The National Oceanic and Atmospheric Administration’s website shows that in the last five years, there have been unusual mortality events for walrus, sea lions, cetaceans, pinnipeds, large whales and harbor porpoises on the West Coast. “That tells me something’s going on with the environment,” Matassa said. “How that’s going to affect these (local) animals? We don’t know.”

Where they lack answers, the PMMC will be holding active surveys, going out on boats to find tagged sea lions, to conduct regular analysis within Orange County waters.

“We’ve re-sighted animals that have been in our rehab center six to seven years ago,” Matassa said. “We want to know how are animals are doing after rehab.

“We’re going to go out on a boat and look for our tagged animals — during the summer, winter and fall — and find out how many animals out there are entangled, and how many have flipper tags,” he said.

Along with its own active surveys, PMMC is developing a website where they and other organizations can add data about surrounding mammals.

“We’re going to use satellites to follow tagged animals — how far they’re diving, duration of dives and things of that nature,” Matassa noted.

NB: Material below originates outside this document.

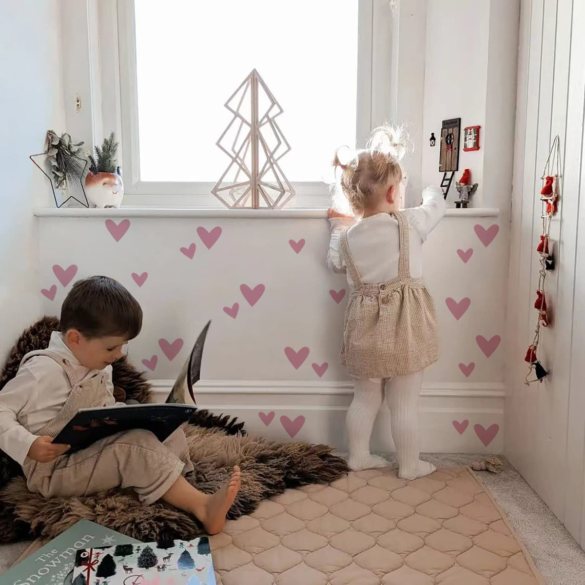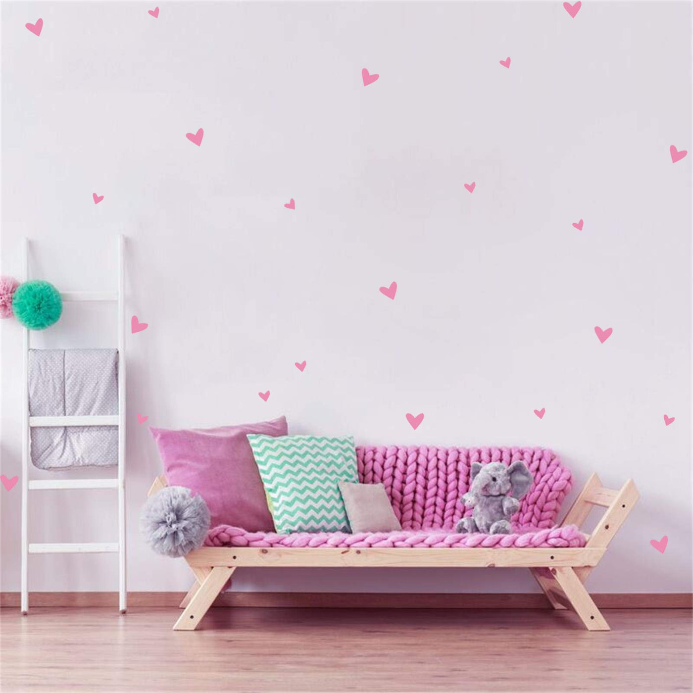 126 pcs Loving Heart Wall Decals for Girls Bedroom Kids Room Decor Toddler Girls Room Wall Decor Boho Pink Heart Wall Stickers Nursery Decor for Girls Kids Wall Decals

The website, tentatively called West Coast Marine Animal Identification, which will be mirrored off Woods Hole Oceanographic Institution’s Marine Animal Identification Network, will work hand in hand with another program that PMMC is developing: the Citizens for Science program.

“We’re going to go out and educate; hand out brochures; talk to specialized groups, like paddleboarders, boat shops, anybody who uses the water; and we’re going to teach them how to photograph and chart tagged animals,” Matassa explained. Citizens will be able to use the animal identification website to upload photos, share statistics on animals they have spotted, and note the location where they were found.

While the PMMC appreciates boaters’ help in spotting and noting locations of tagged sea lions, Matassa warned water users to use caution around the marine mammals. “People have to realize that these are wild animals. They do bite, and they’re quick — they’re catching fish with just their mouth,” he said.

Matassa said he hopes to start the programs in early 2014 — and PMMC is currently waiting for permits to go out and do active surveys.

“The sooner we can understand what’s happening with these animals, the better for us,” Matassa said. “We need to understand that these animals are giving us a great example of what’s happening in the environment, because they are very high on the food chain.”